In 1912, following a visit by Carrie Chapman Catt, Felix and Pura Villanueva Kalaw joined with other women to form an organization called the Society for the Advancement of Women. Catt called them reluctant suffragists, but the women were laying the groundwork in civic and social programs. Gradually the women became more political, and by 1920 suffrage became a plank on the agenda of the Philippine Association of University Women. In that year, Felix was one of three Filipina women who spoke to lawmakers when they presented a petition for suffrage signed by 18,000 women. In 1933, a bill was passed giving women the right to vote, but a technicality which created the Philippine Commonwealth required that the process start over again. Continuing in the fight, along with Pilar Hidalgo-Lim, Josefa Llanes Escoda, Maria Paz Mendoza-Guazon, Constancia Poblete, Rosa Sevilla de Alvero, and Pura Villanueva Kalaw, Felix lobbied during the 1934 Philippine Constitutional Convention for women's suffrage. The 1935 Constitution provided in Article V provisions for women to gain the right to vote if they were successful in attaining an affirmation of 300,000 qualified women in a special plebiscite. The Philippine women's suffrage plebiscite held on 30 April 1937 was a landslide victory for women.

==Personal life==
Felix married Felipe Calderón in 1907. They had one daughter, Concepción Calderón. Calderón died in 1908 and Felix remarried to the widower Domingo Rodriguez on 20 June 1929, with whom she had no children.

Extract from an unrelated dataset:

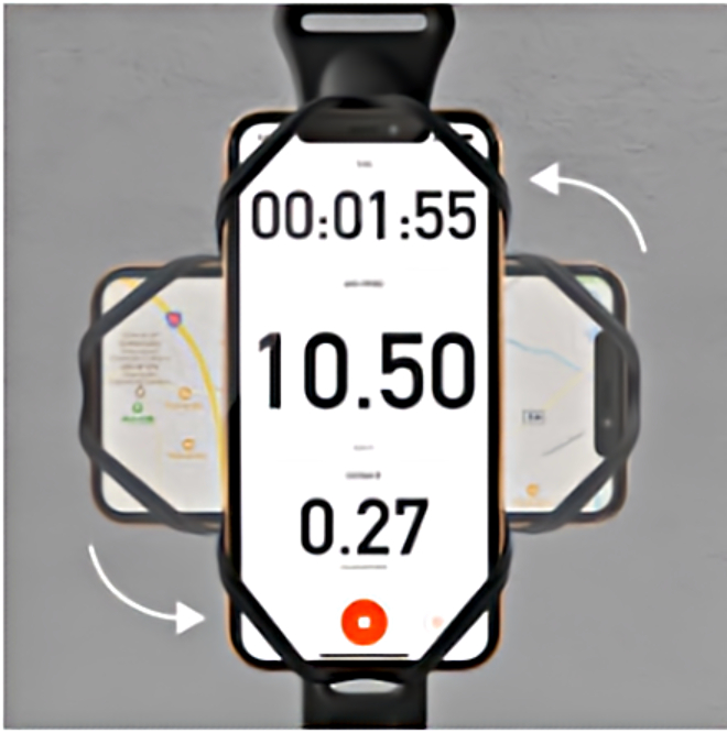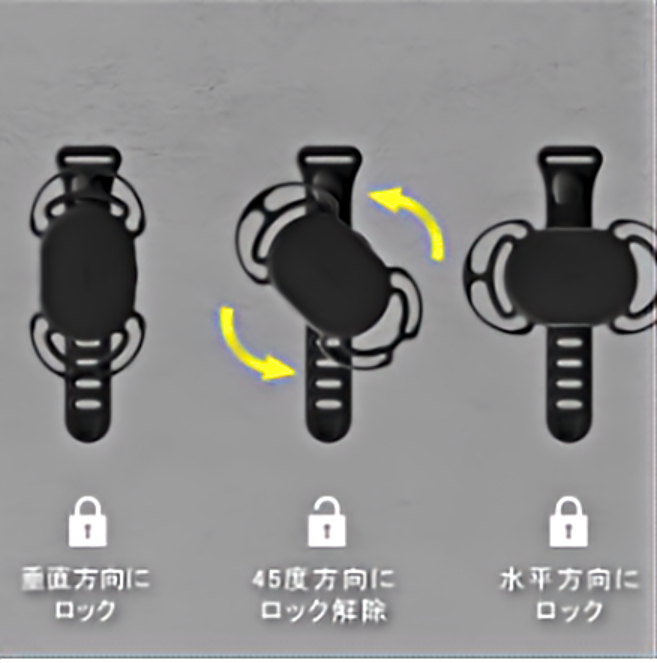 スマホホルダー装着のスマホを45度クリックして装着、好みの向きに切替え

Felix died on 27 January 1967.

==Awards and honors==
In 1948, Felix-Rodriguez received the Republic Medal of Merit and a diploma of honor, and the following year was recognized for her human rights work by UNESCO. In 1956, she was awarded the Pro Ecclesia et Pontifice by Pope Pius XII for her work with the Catholic Women's League. Felix was the first recipient of the Josefa Llanes Escoda Medal when that award was established by the National Federation of Women's Clubs, and the first recipient of the Carrie Chapman Catt Award by the Manila Women's Club. During the 1966 Women's Rights Day celebrations, Felix was awarded the Presidential Medal by Ferdinand Marcos. In 1984, a commemorative stamp bearing her likeness was issued.